Fig. 4 shows plots of the peptide sensitivity and error rates for the ICAT 1 and Flow-through 1 data subsets. These were both derived from the same initial set of samples, separated after avidin-affinity chromatography: ICAT 1 being mostly the ICAT-labeled Cys-containing peptides, and Flow-through 1 being the unlabeled peptides. Fig. 4A shows how the error and sensitivity rates are affected as the pcomp threshold set to filter the datasets is altered. It is important to reiterate that these curves are not fixed and can vary substantially from one dataset to another.
|
Fig. 4B also illustrates the flexibility and power of a statistical data modeling approach. One can readily see that, compared with Flow-through 1, the ICAT 1 dataset yielded a curve are closer to the ideal point: i.e. 100% sensitivity with a 0% error rate (indicated in Fig. 4B with a filled square). This is not a coincidence. This occurred because ICAT labeling targets cysteine residues. Thus we were able to include the presence of (labeled) cysteine in the peptide sequences assigned by SEQUESTTM, for the ICAT 1 (and ICAT 2) data subset, as an additional factor for PeptideProphetTM to model for its calculation of final pcomp values. This ultimately lead to better discrimination between "correct" and "incorrect" identifications for ICAT 1 versus Flow-through 1, for which the additional constraint did not apply (and was thus not used for pcomp calculations for Flow-through 1). Indeed, this inherent flexibility of PeptideProphetTM makes it able to utilize the output results generated by almost any database search program, as well as improving its performance for "specialized" applications other than ICAT. For example, if one were searching for phosphorylated peptides, the presence of (phosphorylated) serine, threonine, and/or tyrosine in the matched sequence could be included, as appropriate, as additional contributory factors for pcomp calculation for that particular dataset.
False Positives Relating to Database Issues
An important caveat to bear in mind when interpreting proteomic data, even when applying statistical tools such as PeptideProphetTM (and ProteinProphetTM) to improve confidence in identifications, arises when studying higher eukaryotic organisms (including humans) where the sequence databases searched are incomplete and/or not fully annotated. Indeed, at the time of writing, only a few genomes have been fully completed, even fewer being eukaryotic. Furthermore, for most genomic sequences, it is not yet clear which sequences represent those that code for protein, nor is it yet clear what, in fact, constitutes one gene. This means that the sequence databases searched for a proteomic investigation of most organisms, particularly for humans, are de facto also incomplete. Any search algorithm used to search proteomic data, including SEQUESTTM, will only report the "best" match from the searched database, which is what they are designed to do. However, if a peptide/protein in the original sample is not represented in the database searched, or the sequence in the database is incorrect (due to a sequencing error or polymorphism, for example), then the "best" match reported will also be incorrect.
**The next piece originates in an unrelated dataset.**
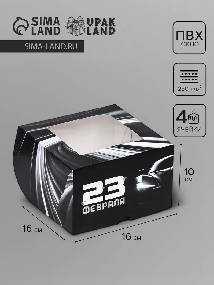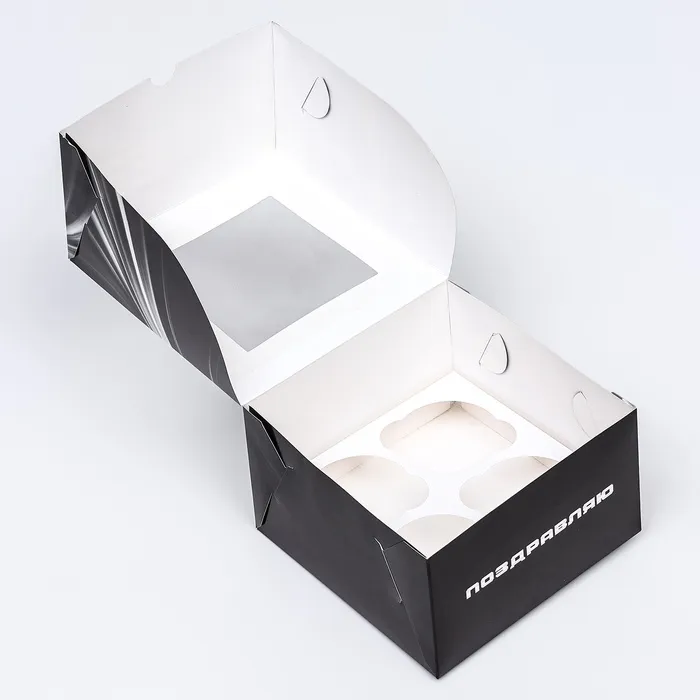 Коробка для 4 капкейков с окном, «Мужской», 16×16×10 см — Характеристики

False positives of this nature are hard to identify by their very nature. This is because good MS/MS spectra can randomly yield "acceptable" matches to the wrong sequence. The "correct" match would of course yield a better search result, but is not represented in the database. It is difficult to know how frequently this occurs, though this is likely related to how much of the database is "missing" (also not known). However, if the organism of study has little sequence information available on it, then such events would likely be frequent. While not completely immune from this effect, because it is a data modeling algorithm rather than a database search engine, PeptideProphetTM evaluates multiple parameters to model the false identification population, thus does not rely solely on scores generated by the search engines and visual data inspection. These parameters include the SEQUESTTM-generated cross-correlation (Xcorr) score (an indication of the number of peaks of common mass between observed and expected spectra) and preliminary SpRank (a preliminary indication of how well the assigned peptide scored relative to those of similar mass) (18), and for experiments where trypsin was used for proteolysis, the number of tryptic termini for the assigned peptide (19). This enables PeptideProphetTM to identify many false positives of this nature by assigning them a low pcomp. Furthermore, PeptideProphetTM is also impartial when it evaluates potential identifications, unlike even an experienced human user, who may make different judgment calls for the same data point on different days and be biased toward potential identifications that fit with the biology of the experiment in question.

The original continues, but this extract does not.